After the early applications in America, the United Kingdom and the Soviet Union in the 1910s and 1920s, the diary method was supported by UNESCO in the 1960s, making the method truly international.
With the diary method, respondents keep a record of everything they do via a standardised 10-minute diary. Not only recording what they do, but also the location where it happened and with whom they did it.
The result is a nuanced look at the behaviour patterns of people and families in various areas of life. Since that time, the diary research method has been a leading method for the UN for highlighting the issue of unpaid work in developing countries. It is also used for the Bureau of Labor Statistics in the US and EUROSTAT for examining the cultural differences and trends between countries and states. The context regarding behaviour makes these differences more understandable.

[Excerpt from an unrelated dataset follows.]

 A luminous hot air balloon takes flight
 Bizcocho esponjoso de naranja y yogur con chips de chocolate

This contextual setting is both the strength and weakness of diary method research. It provides a detailed survey, but collecting data is labour-intensive and hence expensive. As a result, data can only be gathered with significant intervals and usually only on a population level.
A solution involving both an online and a modular strategy
Gathering data online is one obvious solution for reducing costs. However, you need a modular strategy for developing a research method that is both reliable and valid. The MOTUS software was developed to meet this need.

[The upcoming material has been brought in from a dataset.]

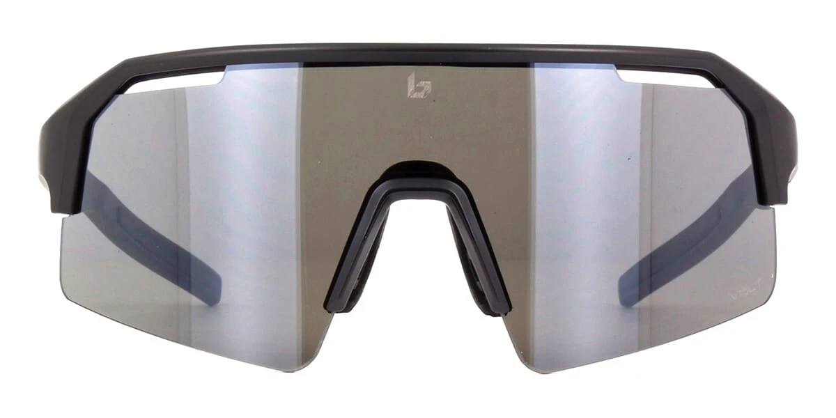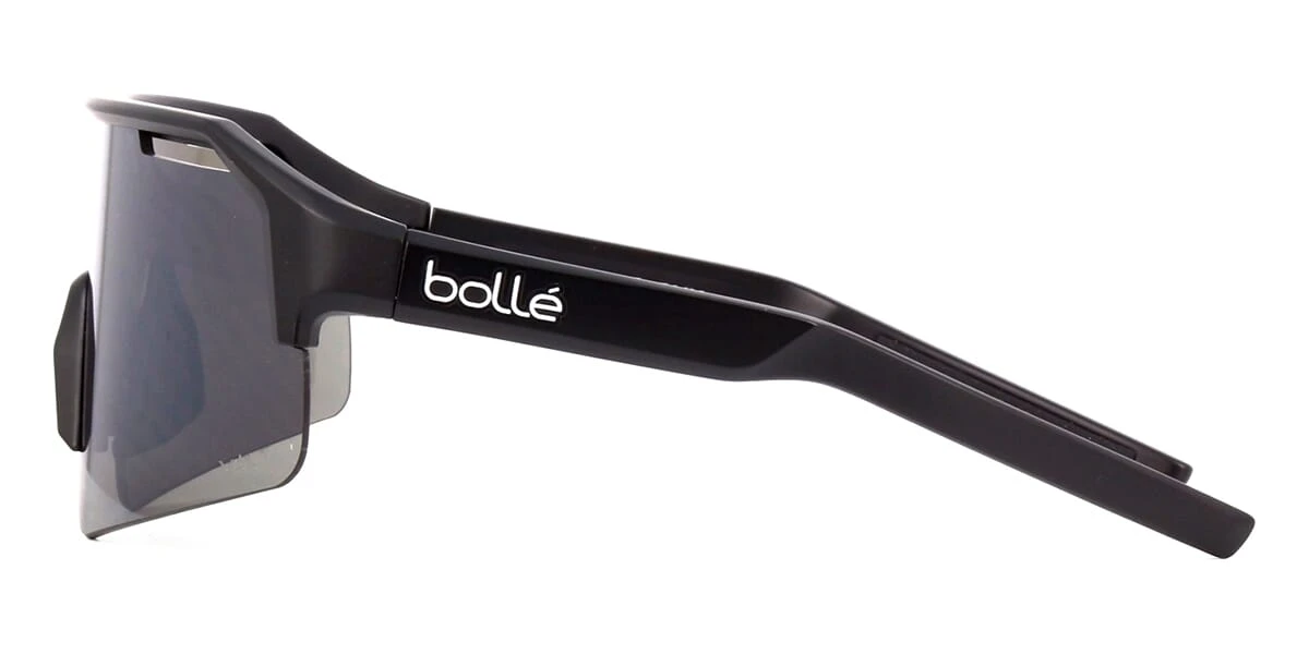 This shield Bolle sunglass comes in a matte black frame with volt gun lenses.

The MOTUS software platform makes it possible from a technical point of view to:
– define the research methods;
- develop online questionnaires
- put together online time registration systems (list of activities, length of intervals in between, number of reference days, etc.)

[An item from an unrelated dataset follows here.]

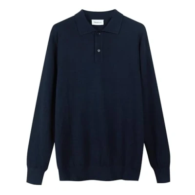 Diana Studio, Men's Basic Polo Shirt 100% Extra Fine Merino Wool Plain Long Sleeve, Blue, S
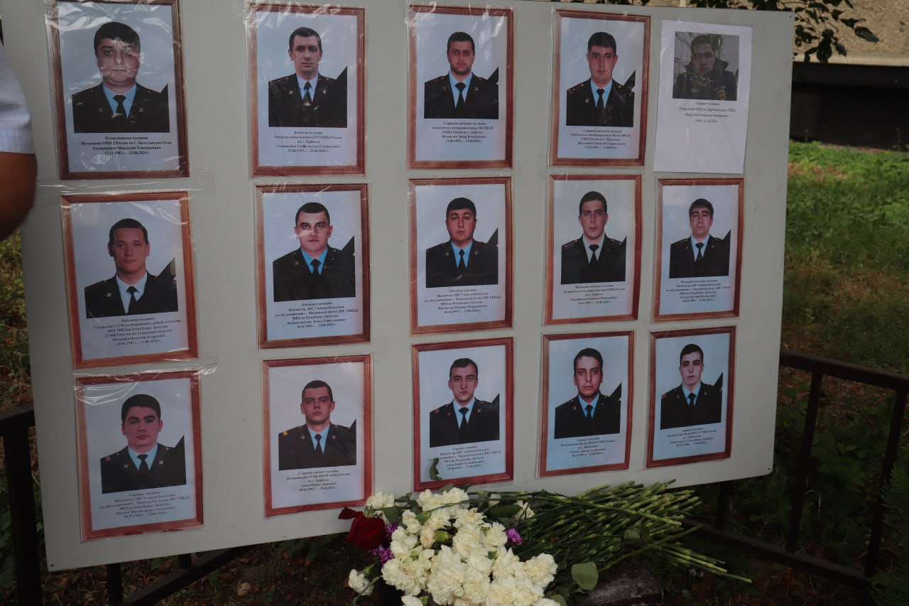 Цветы в память о сотрудниках полиции, погибших при исполнении служебного долга 23 июня в Махачкале и Дербенте, горожане несут в Сквер ветеранов МВД.

- allocate context questions to activities and by doing so delve more deeply into specific activities
– establish a research flow that supplies a survey or time registration system in a particular sequence;
– evaluate registered data via algorithms and reminders and have any errors corrected by the respondents themselves;
– carry out the research via a web browser (computer, laptop) or application (smartphone, tablet);
From an administrative point of view there are various possibilities:
– automatically allocate respondents to surveys, spread respondents (randomised) over the survey period, allocate start days, etc.
– monitor and follow up respondents in real-time during the survey via notifications on the screen and/or via automated e-mails and/or text messages.
– store input from respondents immediately, which makes the information usable in follow-up questions.
– track fieldwork via a dashboard
– follow up a longitudinal research set-up and use a behaviour panel
– offer surveys and research in various languages
By doing so, MOTUS succeeds in gathering context-rich behavioural information at a very low cost. It is also tailored to every research question and within every target group.
MOTUS gathers context-rich behavioural information at a very low cost.
MOTUS as a reliable and valid research platform
The aim from the outset was to gain faster and cheaper insights into the behaviour patterns of people and target groups. Not only by translating the traditional diary method into an online method, but also by reinforcing the method by taking a modular approach.
The MOTUS software platform first demonstrated its ability when collecting data from 3,260 respondents in Flanders.
Each respondent:
- completed a socio-demographic preliminary survey
- kept a record of his or her use of time for 7 successive days, and
- to complete the process, filled in a follow-up questionnaire.
The data was collected between January and December 2013. At the same time, the Statistics Belgium division of FPS Economy also conducted a diary-based survey using the traditional pen-and-paper method, in line with EUROSTAT guidelines, this time for one weekday and one weekend day.
A comparative study showed that MOTUS recorded the general behaviour patterns in an equally valid manner, while at the same time it was better in terms of travel movements and media usage. And by collecting the data online, MOTUS also managed to gather more context regarding behaviour – faster and at a lower cost.